Emma Charlesworth, 39 has found a lifeline with these women on the other side of the Atlantic Ocean in Kent, England. The pain is universal: Her husband, Stuart, a 45-year finance officer, died on April 19 after a three-week battle with Covid-19 in the hospital, suddenly leaving her as a single mother to their 10-year-old daughter, Rebekah.
"The group is so important to me because despite the geographical distance it’s comforting to speak with people who get it," said Charlesworth. "Who understand the pain and suffering of losing a spouse due to Covid-19.
"It’s a club and opportunity to bond that none of us asked for or wanted to join but are so grateful to have."
One of the recent additions to the group is Diana Ordonez, 34, a widow from New Jersey who lost her husband, Juan, on April 11, five days before their daughter, Mia, turned 5.
Juan Ordonez, an information security analyst at UPS, became sick March 13, days before there was even a lockdown in New Jersey.

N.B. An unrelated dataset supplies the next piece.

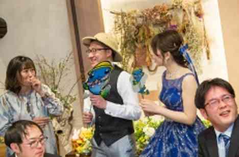 1部、2部ともに行ったお手本バイトとバースデーサプライズ。 お手本バイトは、Hさんの妹様ご夫婦と、おふたりの第二の両親、職場の上司のご夫婦にお願いし、素敵なお手本を見せてくださいました。 バースデーサプライズでは、当日がお誕生日のゲストがなんとお二人もいらっしゃいました! サプライズでデザートプレートとプレゼントを受け取ったお二人はとても喜んでくださり、HさんとMさんもとても嬉しそうでした。

In the early days after his death, Diana had visits from her pastor and his family, who, like her, had come down with Covid-19 but recovered, and virtual support from her parents and siblings in other states.
"When I became a widow, you heard of almost no young widows, especially because all the cases being reported were either elderly or people with underlying conditions," said Ordonez, a product manager and marketer. "I remember I yearned for someone to talk to, because nobody else really understands this loss, because it was so unique and different."

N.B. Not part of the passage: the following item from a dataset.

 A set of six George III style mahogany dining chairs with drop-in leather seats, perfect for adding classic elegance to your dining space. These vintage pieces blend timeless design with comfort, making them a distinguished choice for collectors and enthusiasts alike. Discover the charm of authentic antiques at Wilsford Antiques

As the weeks and months passed, Ordonez struggled to both work virtually and home-school her daughter, who was struggling to process a loss that is hard enough for adults.
"For the first few months, Mia wouldn't go to sleep in her bed by herself, because Daddy left in the middle of the night" for the hospital while she was sleeping "and didn't come back," Ordonez said. "So, she was afraid that Mom would die in the middle of the night, too.

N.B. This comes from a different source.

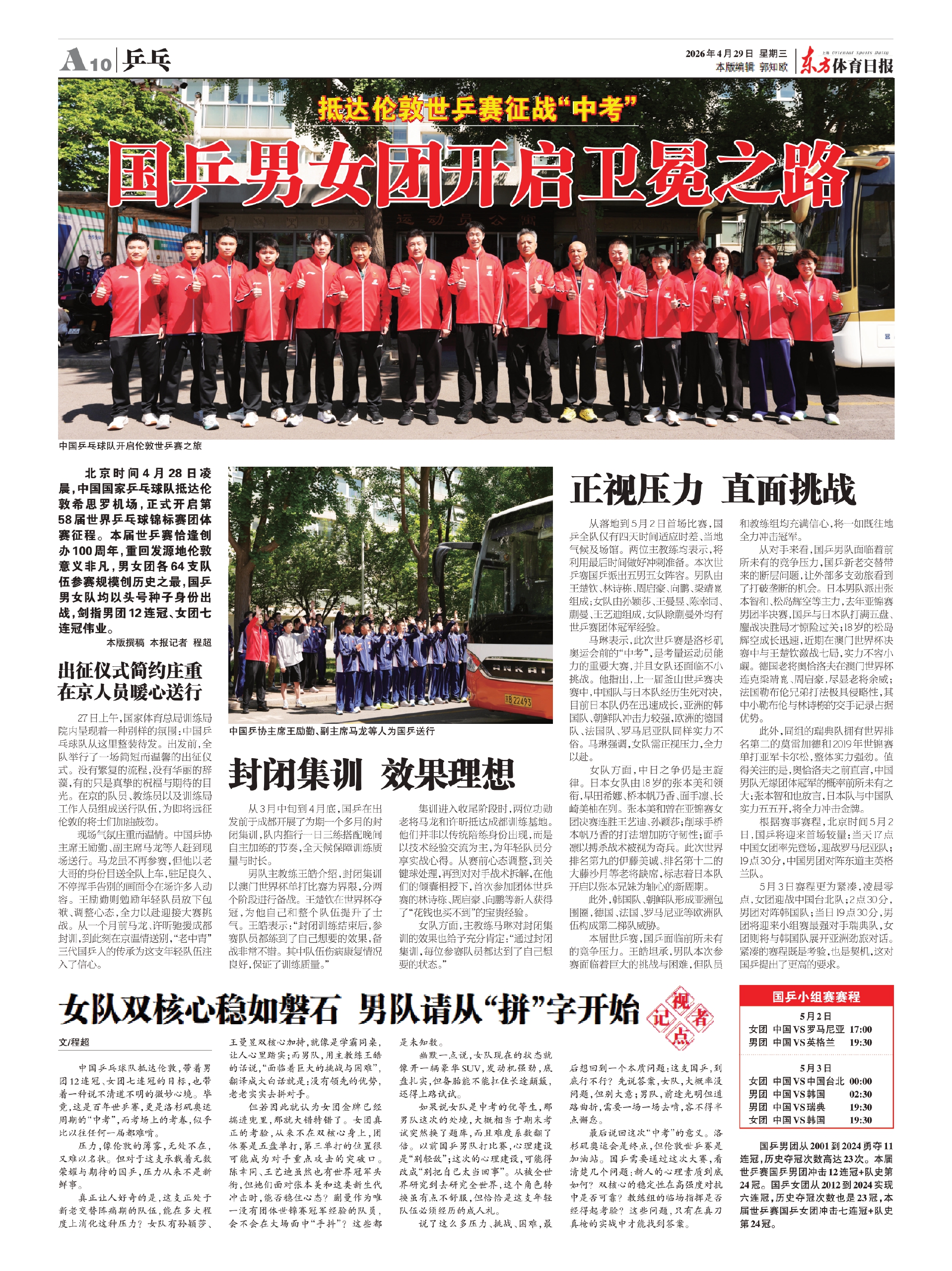 从落地到5月2日首场比赛,国乒全队仅有四天时间适应时差、当地气候及场馆。两位主教练均表示,将利用最后时间做好冲刺准备。本次世乒赛国乒派出五男五女阵容。男队由王楚钦、林诗栋、周启豪、向鹏、梁靖崑组成;女队由孙颖莎、王曼昱、陈幸同、蒯曼、王艺迪组成,女队除蒯曼外均有世乒赛团体冠军经验。

"To me, that was hard, because nighttime was my time to try to process and be by myself and grieve or try to lean on other people," she said.
The group has helped share the emotional burden, but it isn't always easy for her to participate.
"On some level, it's a little triggering, too," Ordonez said. "It's been eight months, and you feel like 'OK, I'm healing.' But then you have to be mentally prepared to read something, because it can take you right back to where you were."
Still, Ordonez said she's grateful that she joined the Young Widows and Widowers of Covid-19 Facebook group just before the holidays — a time that had special meaning for her and Juan. Nine years ago, he proposed to her on Christmas Eve; the anniversary of their first date is Jan. 2.
Addison said it's been a rough few weeks for many of the members, with several encouraging one another to honor their late spouses by keeping the traditions alive and keeping continuity for their kids.
"We're all in different stages of grief. Some people have just lost their husband, when it feels hopeless, like there isn't going to be happiness again or joy," Addison said. "And then there are others. Several of us are in the 'April group.'
"I feel like we can help them," she said. "Even if they're not where I am now, I can support them. And that's healing for me, too."